EXERCISE INSTRUCTIONS ::
Go to the line with "Heart measures c." in the material below and copy from there through the line with "最近特斯拉向美国证券交易委员", exactly. Pictures are not copied.

RECORD EXTRACTS ::
--------

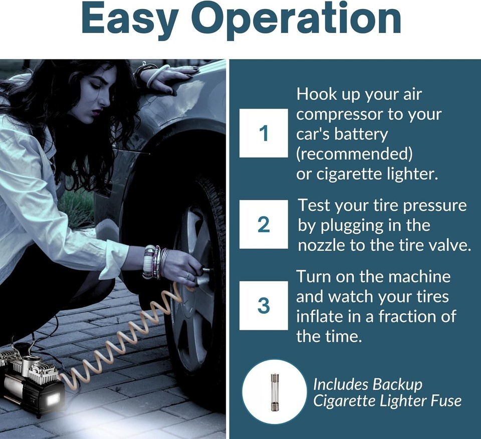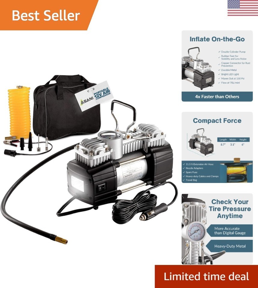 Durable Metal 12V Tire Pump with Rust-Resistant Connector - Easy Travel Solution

--------

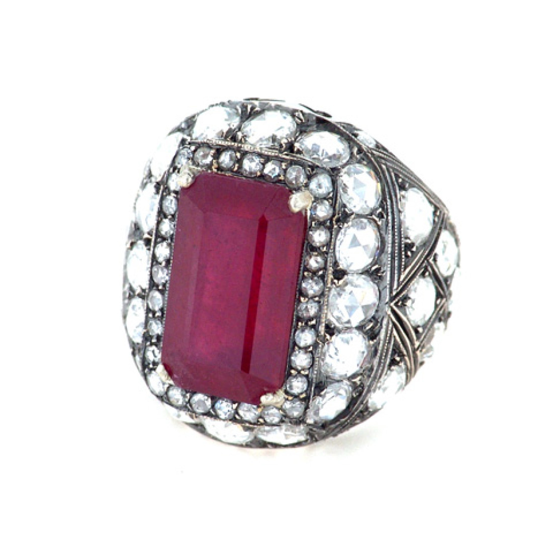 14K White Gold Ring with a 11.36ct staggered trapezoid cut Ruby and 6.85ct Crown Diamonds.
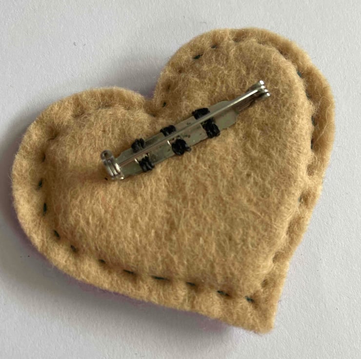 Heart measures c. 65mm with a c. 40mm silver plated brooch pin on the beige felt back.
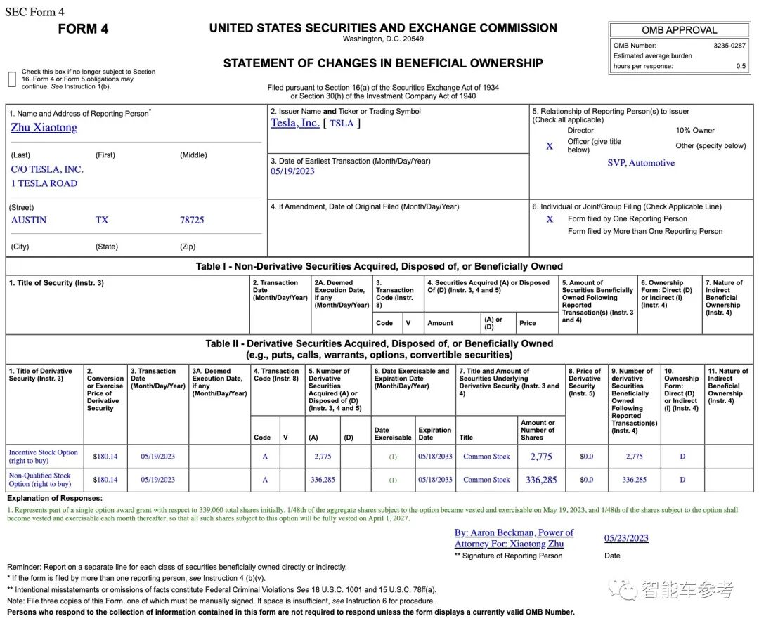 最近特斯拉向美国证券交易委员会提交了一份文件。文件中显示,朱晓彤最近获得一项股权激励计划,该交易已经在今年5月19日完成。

--------

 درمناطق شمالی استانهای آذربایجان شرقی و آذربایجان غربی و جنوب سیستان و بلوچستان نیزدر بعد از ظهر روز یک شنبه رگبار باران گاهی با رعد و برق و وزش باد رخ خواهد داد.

--------

RESULT OF THIS TASK ::
 Heart measures c. 65mm with a c. 40mm silver plated brooch pin on the beige felt back.
 最近特斯拉向美国证券交易委员会提交了一份文件。文件中显示,朱晓彤最近获得一项股权激励计划,该交易已经在今年5月19日完成。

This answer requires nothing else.